■ Work order ■
Using the data below, return word for word every line from the one holding "Salsa de tomate, muzzarella, juliana" down to the one holding "Request Quote Button in". Leave pictures out.
Data section Start Marker
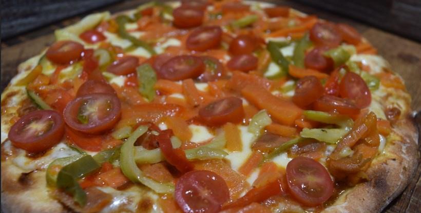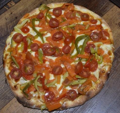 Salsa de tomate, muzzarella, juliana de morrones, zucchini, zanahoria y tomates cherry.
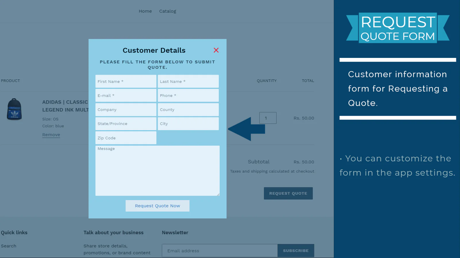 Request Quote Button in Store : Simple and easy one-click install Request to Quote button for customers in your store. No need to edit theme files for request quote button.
Data section End Marker
Data section Start Marker
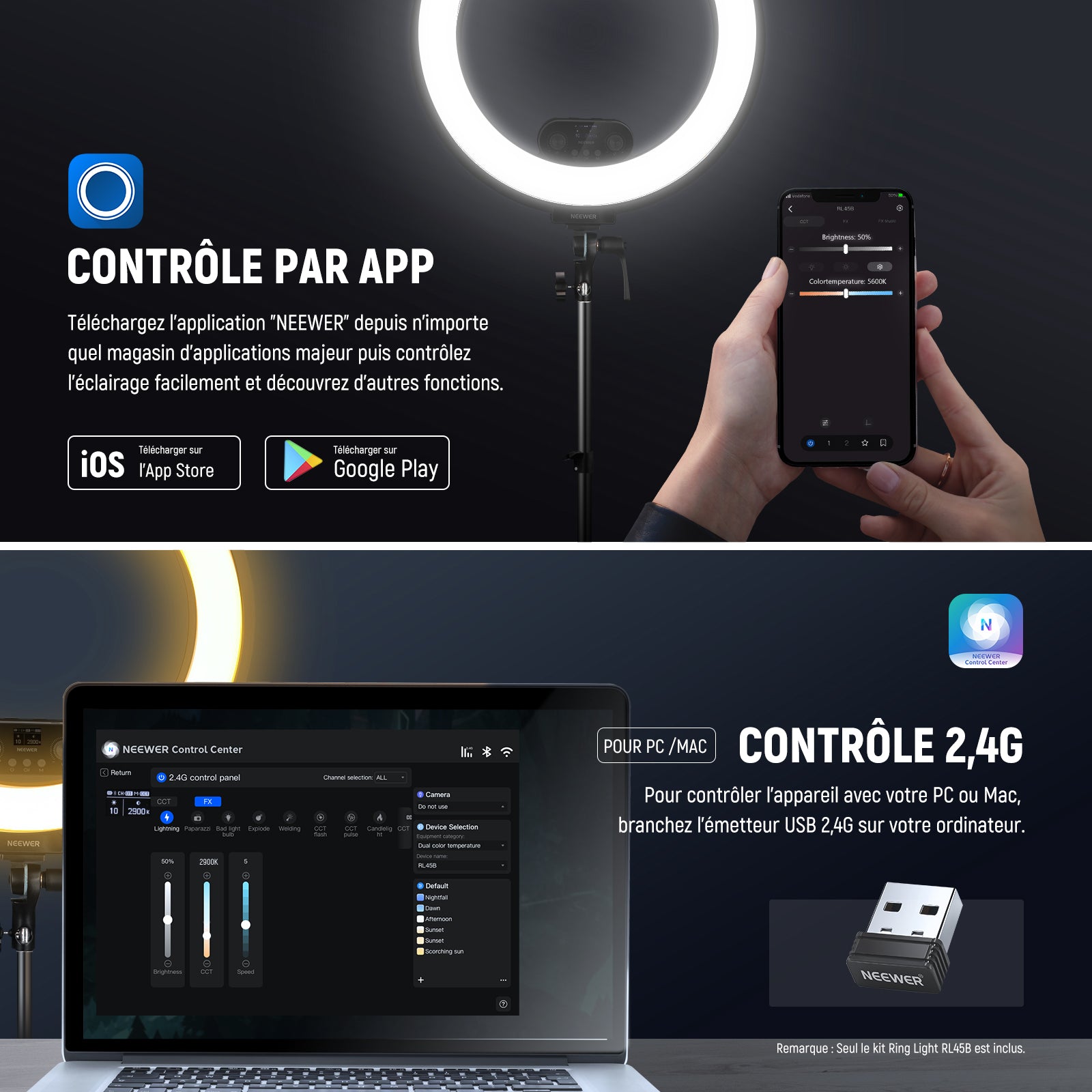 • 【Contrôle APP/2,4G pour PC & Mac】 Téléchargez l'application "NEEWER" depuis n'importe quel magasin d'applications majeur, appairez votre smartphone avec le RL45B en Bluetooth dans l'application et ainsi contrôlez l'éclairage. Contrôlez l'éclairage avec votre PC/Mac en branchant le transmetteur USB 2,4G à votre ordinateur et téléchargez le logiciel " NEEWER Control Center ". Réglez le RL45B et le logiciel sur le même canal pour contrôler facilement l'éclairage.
Data section End Marker
■ Solution ■
 Salsa de tomate, muzzarella, juliana de morrones, zucchini, zanahoria y tomates cherry.
 Request Quote Button in Store : Simple and easy one-click install Request to Quote button for customers in your store. No need to edit theme files for request quote button.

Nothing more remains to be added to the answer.